The growing body of literature that investigates the influence of experience in lexical processing using corpus-based models is clearly moving toward a graded conceptualisation of the contextual meanings of words (Rodd, 2020). Ultimately, though we have shown the original work of Hoffman et al. (2013) to be flawed, we agree with their initial proposition that the characterisation of lexical ambiguity based on discrete numbers of dictionary definitions presents severe limitations.
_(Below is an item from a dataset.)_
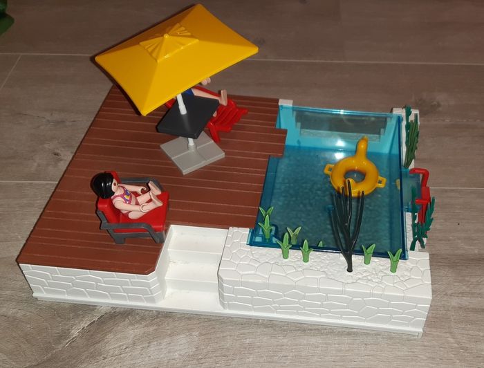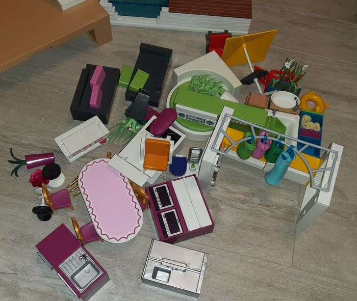 Maison moderne Playmobil Comprenant la  Maison, le studio des invités et la piscine Pas de boîte Pas de notice (Possibilité de la trouver sur internet) Vendue avec tous les accessoires et personnages sur les photos : tables,  chaises,lit, dressing, douche, fauteuil...... La sonnette fonctionne Manque quelques éléments du toit, manque un tiroir du dressing et quelques plantes (voir photos) Barbecue offert mais pas de la marque Playmobil Très bon état

Future work should move away from this strict definition of ambiguity in favour of a data-driven approach where it is possible to consider graded overlap between word meaning representations, as well as to measure the dispersion of these representations (Beekhuizen et al., 2018). However, this work must be accompanied by deep analysis of the nature of information being captured through these corpus-based approaches. Our work demonstrates that the LSA-based approach as proposed by Hoffman et al. (2013) is not the appropriate tool for this task. The field of natural language processing has seen exceptionally rapid development in the past twenty years, providing a variety of state-of-art techniques that might be more suitable for modelling the distribution of the semantic contents of individual words (Young, Hazarika, Poria, & Cambria, 2017). Future work using more up-to-date models has the potential to capture contextual variation across different words, and ultimately to help us to understand more deeply the nature of lexical experience.

To summarise, we sought to investigate the relationship between the semantic diversity measure described by Hoffman et al. (2013) and lexical ambiguity. We implemented LSA-based context vectors from which we derived their semantic diversity metric, and we demonstrated that this metric is associated with the speed of word recognition and reading aloud as previously observed in the literature. Despite Hoffman et al.’s (2013) original claims that their measure of semantic diversity and lexical ambiguity are closely related, we found no evidence that effects of lexical ambiguity on word recognition could be ascribed to semantic diversity. Further analysis of the LSA-based context vectors used to derive their semantic diversity metric revealed that they do not sensitively capture information about the different contextual meanings of individual words, and the measure appears instead to encode more general information about the manner in which words occur within a corpus. Thus, we proposed the term textual diversity as a better fit for describing the semantic diversity metric defined by Hoffman et al. (2013). These findings have important theoretical implications for understanding why this metric facilitates word recognition.